▸ **Entries provided**
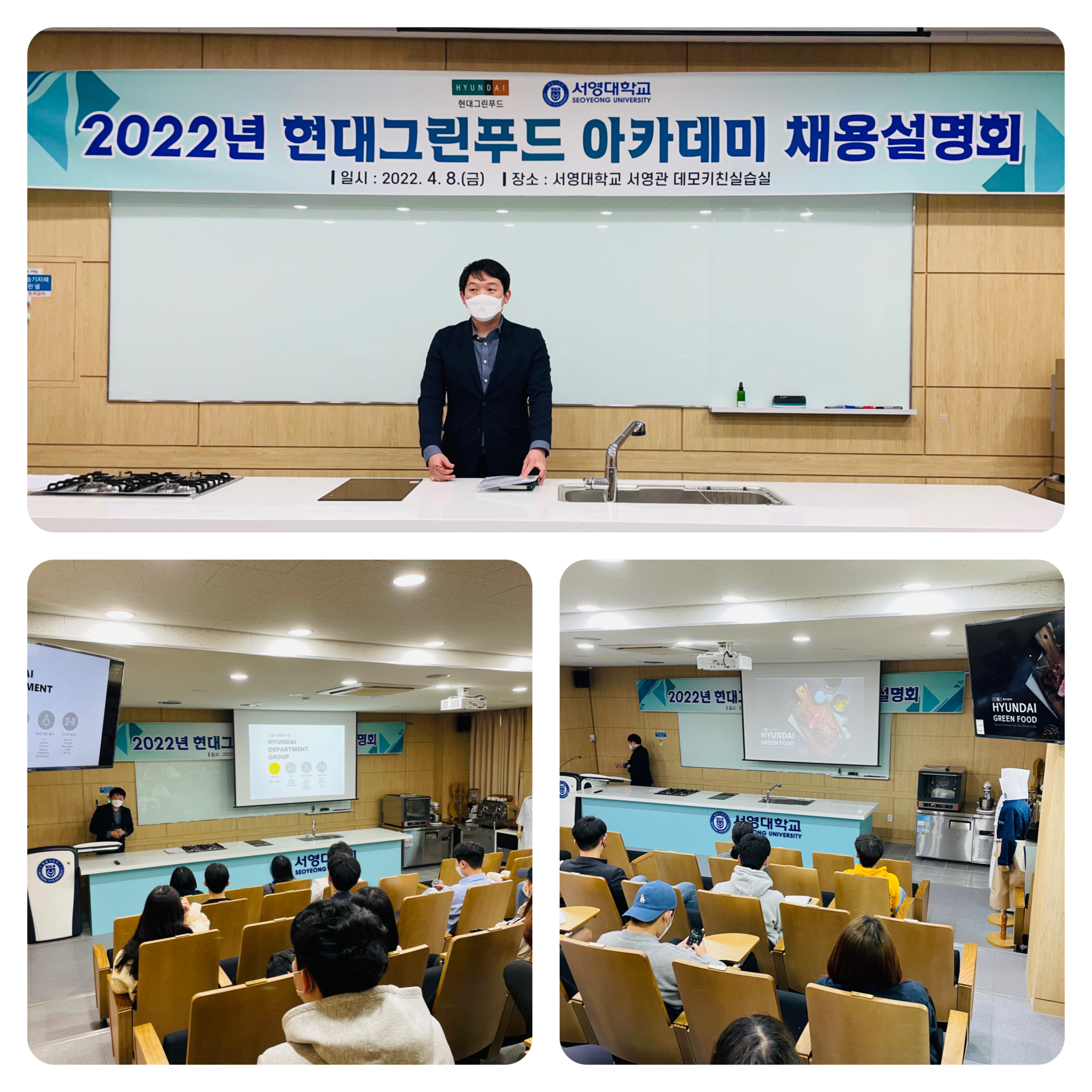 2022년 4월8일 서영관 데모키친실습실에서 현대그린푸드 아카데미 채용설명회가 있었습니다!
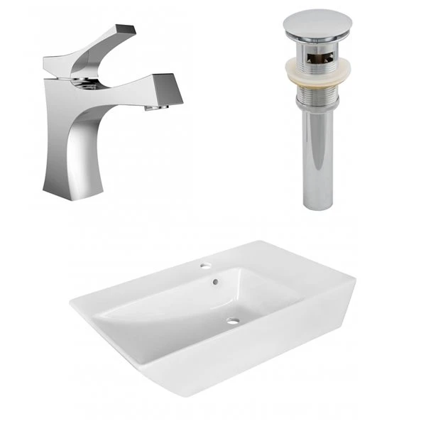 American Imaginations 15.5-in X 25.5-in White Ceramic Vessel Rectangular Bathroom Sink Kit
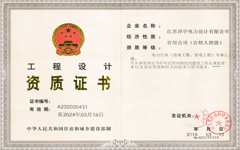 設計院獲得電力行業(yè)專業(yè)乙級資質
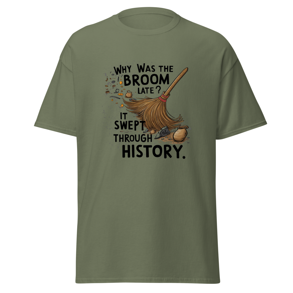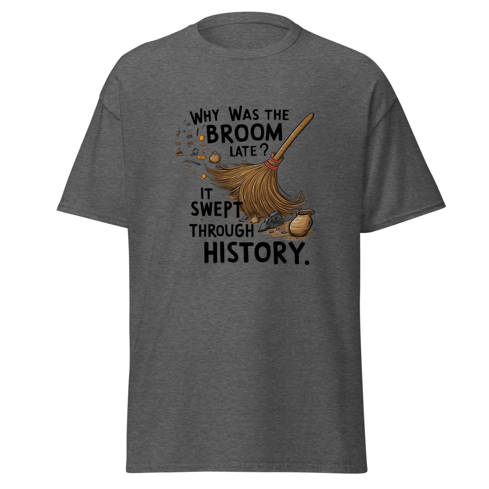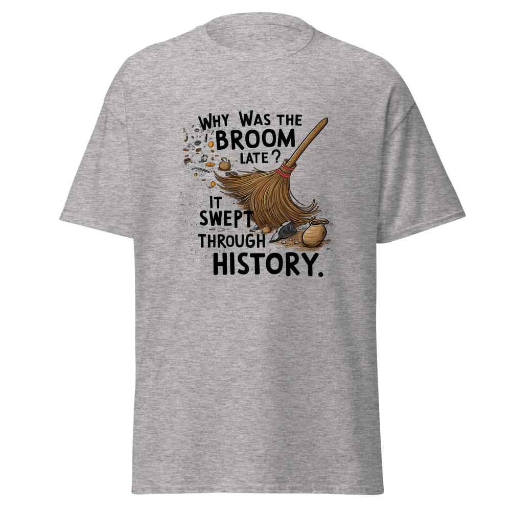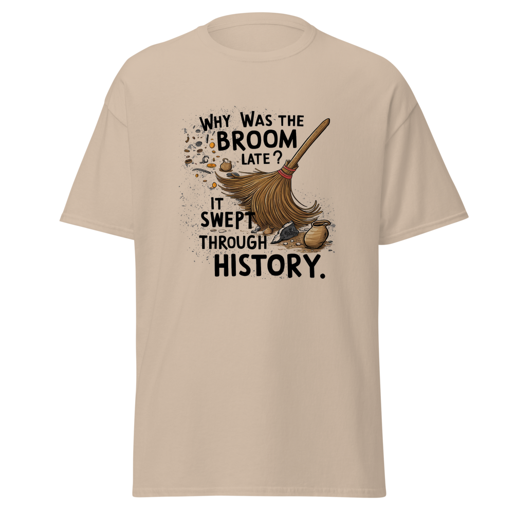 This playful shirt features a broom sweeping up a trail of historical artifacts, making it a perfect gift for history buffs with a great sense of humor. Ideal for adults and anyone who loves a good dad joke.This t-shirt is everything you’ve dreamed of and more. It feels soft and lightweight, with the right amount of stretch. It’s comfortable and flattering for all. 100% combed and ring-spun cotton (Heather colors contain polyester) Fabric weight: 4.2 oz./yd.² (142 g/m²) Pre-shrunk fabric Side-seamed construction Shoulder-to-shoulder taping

==

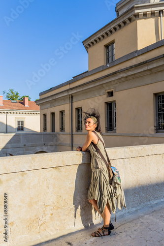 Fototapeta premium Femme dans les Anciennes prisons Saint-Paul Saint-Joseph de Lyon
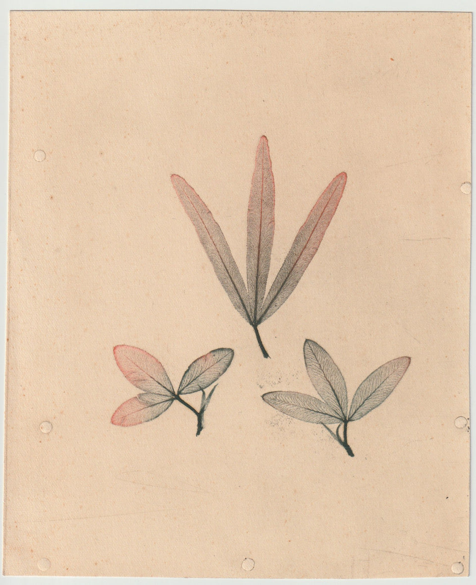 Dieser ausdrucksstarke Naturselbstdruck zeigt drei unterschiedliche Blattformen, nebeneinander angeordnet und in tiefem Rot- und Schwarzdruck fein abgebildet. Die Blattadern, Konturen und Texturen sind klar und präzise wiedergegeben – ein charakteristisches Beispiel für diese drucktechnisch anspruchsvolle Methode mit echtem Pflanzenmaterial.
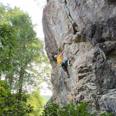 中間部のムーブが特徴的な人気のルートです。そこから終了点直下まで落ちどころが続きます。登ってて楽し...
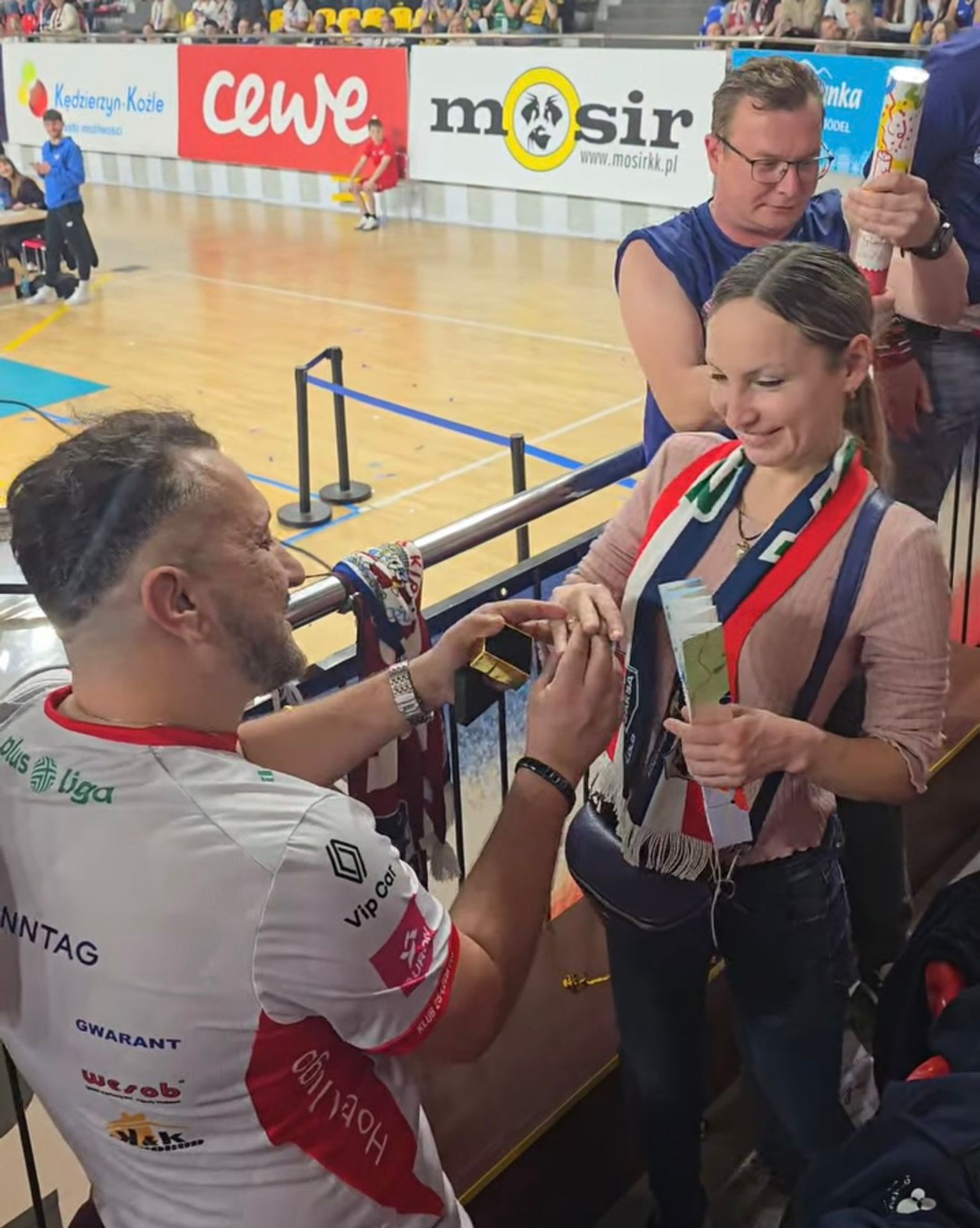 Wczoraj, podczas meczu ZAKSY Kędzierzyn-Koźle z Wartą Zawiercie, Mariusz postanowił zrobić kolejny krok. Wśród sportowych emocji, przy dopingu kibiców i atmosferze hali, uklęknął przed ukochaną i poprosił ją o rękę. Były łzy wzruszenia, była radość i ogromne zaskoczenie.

▸ **Task to carry out**
Using the entries above, extract exactly the lines from the one that contains "American Imaginations 15.5-in" through the one that contains "設計院獲得電力行業(yè)專業(yè)乙級資質". Do not carry over any pictures.

▸ **Task result**
 American Imaginations 15.5-in X 25.5-in White Ceramic Vessel Rectangular Bathroom Sink Kit
 設計院獲得電力行業(yè)專業(yè)乙級資質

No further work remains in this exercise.